The first set of measurements was conducted on the stand surface, after both stands were set-up properly and without the amplifier mass loading them. The relevant graphs show that the most "uncomfortable" (i.e. noisy) region is defined by an octave either side of 50Hz, a finding that raises some suspicion of a leakage of electrical noise in the measurement system. However, measuring the output of the accelerometer "in the air" (standing completely still and without contacting any surface at all) showed that the noise is not electrical but comes -indeed- from the stand surface and its contact with the floor. Here, one can observe that the Statement and Ultimate are consistently better than our reference in the entire range of the measurement, i.e. they carry less floor vibrations to the device through their surface. In addition, the Ultimate is more efficient than the Statement, not unsurprisingly since it is the top and more sophisticated and expensive model.

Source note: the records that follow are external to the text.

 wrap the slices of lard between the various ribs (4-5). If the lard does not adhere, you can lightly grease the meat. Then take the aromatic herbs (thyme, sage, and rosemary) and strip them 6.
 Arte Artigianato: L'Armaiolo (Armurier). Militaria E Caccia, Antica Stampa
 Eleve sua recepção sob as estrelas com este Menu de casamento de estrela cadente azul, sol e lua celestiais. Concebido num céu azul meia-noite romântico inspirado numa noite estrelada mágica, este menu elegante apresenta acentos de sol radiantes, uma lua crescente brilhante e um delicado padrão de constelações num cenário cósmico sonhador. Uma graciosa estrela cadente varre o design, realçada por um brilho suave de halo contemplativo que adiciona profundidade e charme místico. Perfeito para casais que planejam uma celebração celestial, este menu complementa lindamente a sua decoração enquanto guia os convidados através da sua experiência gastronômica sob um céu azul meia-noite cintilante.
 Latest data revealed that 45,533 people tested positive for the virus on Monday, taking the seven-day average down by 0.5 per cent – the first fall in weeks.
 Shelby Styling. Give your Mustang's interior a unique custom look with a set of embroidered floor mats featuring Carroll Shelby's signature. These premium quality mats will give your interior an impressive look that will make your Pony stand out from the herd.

The same measurement with the amplifier mass loading the stand but turned off, shows what one would normally expect, based on intuition: The stands show much smaller acceleration under the heavy weight of the power amplifier, sufficient to minimize the environmental noise regardless on what stand is used. At very low frequencies, however, it can be seen that the Ultimate remains the stand with the lower acceleration figures.

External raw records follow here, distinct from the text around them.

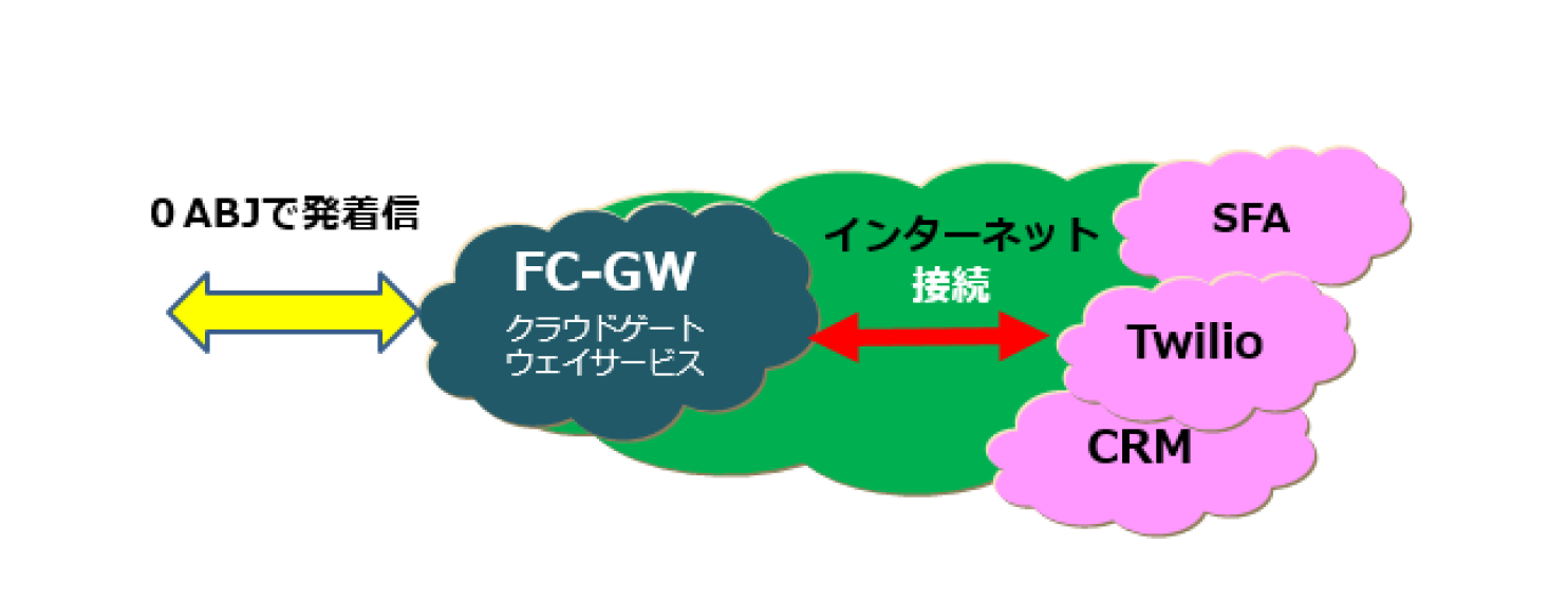 TwilioとFC-GWが接続されることで、Twilio環境において0ABJの電話番号があつかえるようになります。
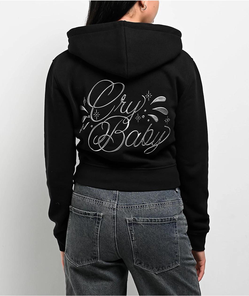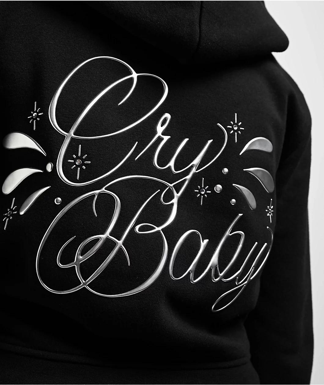 Delivered by streetwear brand Empyre in a versatile black colorway, the Angel hoodie features a full zip closure and flashy rhinestone detailing. Showcasing cursive branding on the left chest, the skimmer-length casual sweatshirt employs dual slash
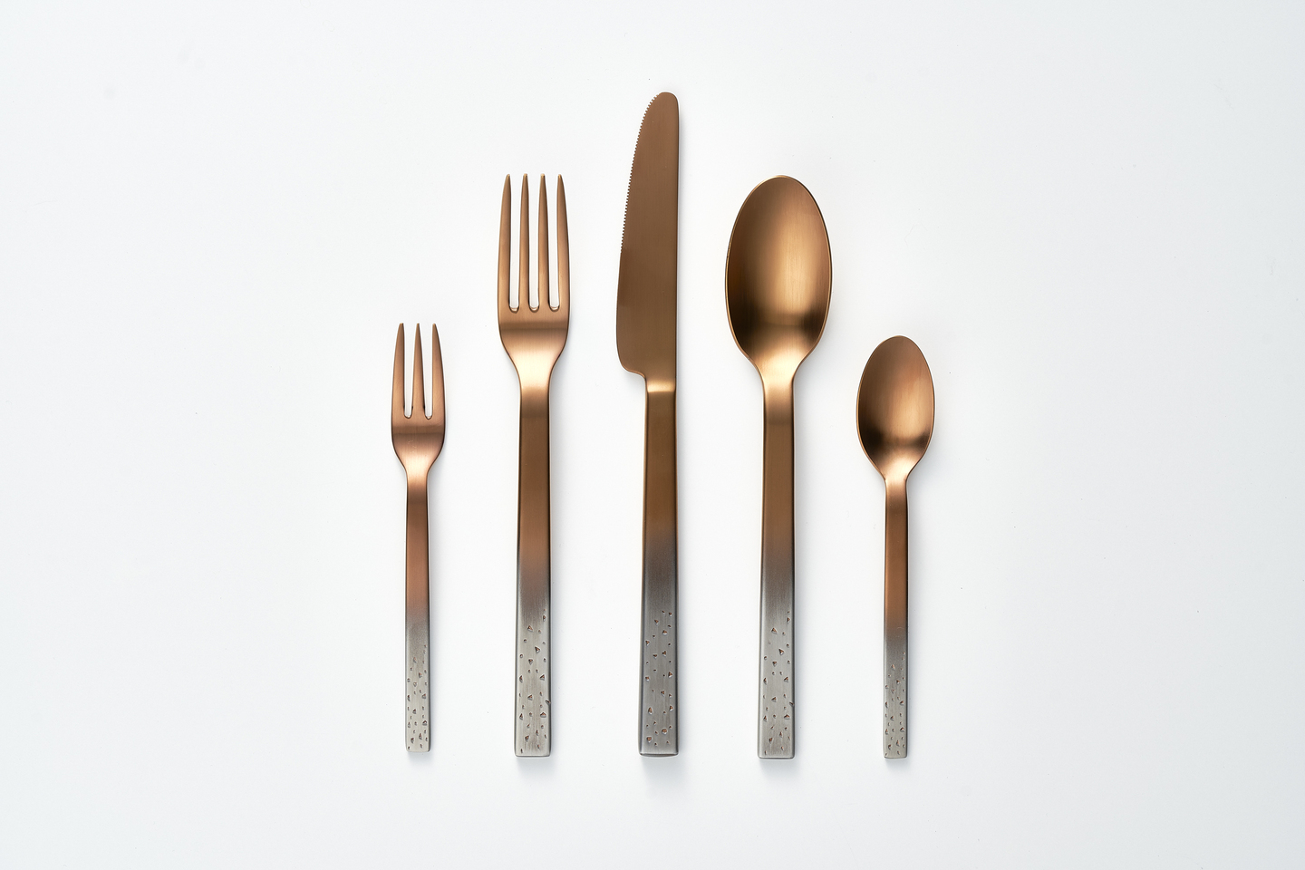 職人の手技が模様として浮かび上がる仕上げを開発。「磨く」「削る」「剥ぐ」という研磨技術を駆使し、一本ごとに異なる表情を生み出しました。特に「剥ぐ」技法は金属洋食器業界では前例がなく、繊細なコントロールが求められる部分的な色残しは、機械では決して再現できない手磨きならではの技です。
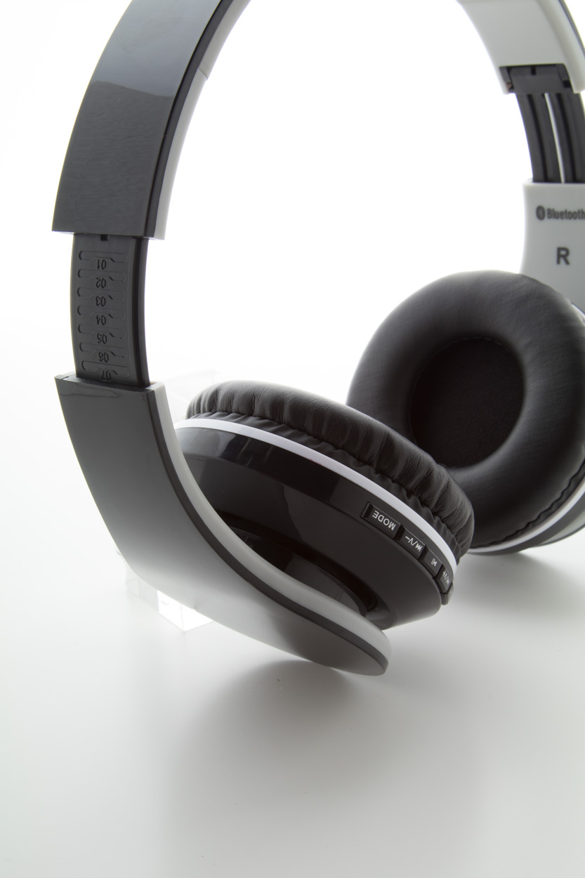 Skládací plastové bluetooth sluchátka s vestavěnou dobíjecí baterií. S funkcí handsfree a SD MP3 přehrávání. Včetně 3,5 mm audio Jack konektoru a USB nabíjecího kabelu.

When the amplifier is turned on but without any signal feeding its inputs, (so its power supply is now a mechanical noise source) the situation has not changed substantially in general (mind that the vertical resolution in this diagram is larger): Towards the very low frequency part of the spectrum, (10-35Hz), the Ultimate shows the lowest acceleration, but a new finding makes its appearance: Strong cancellations at 100Hz and 200Hz, with both the Statement and the Ultimate to be significantly better than t he reference in the first case and the Statement to excel in the second. One possible explanation for this behavior might be the effect of the amplifier support points on the behavior of the whole system as they are placed, in effect, between a source of vibration (the power supply transformer) and the accelerometer.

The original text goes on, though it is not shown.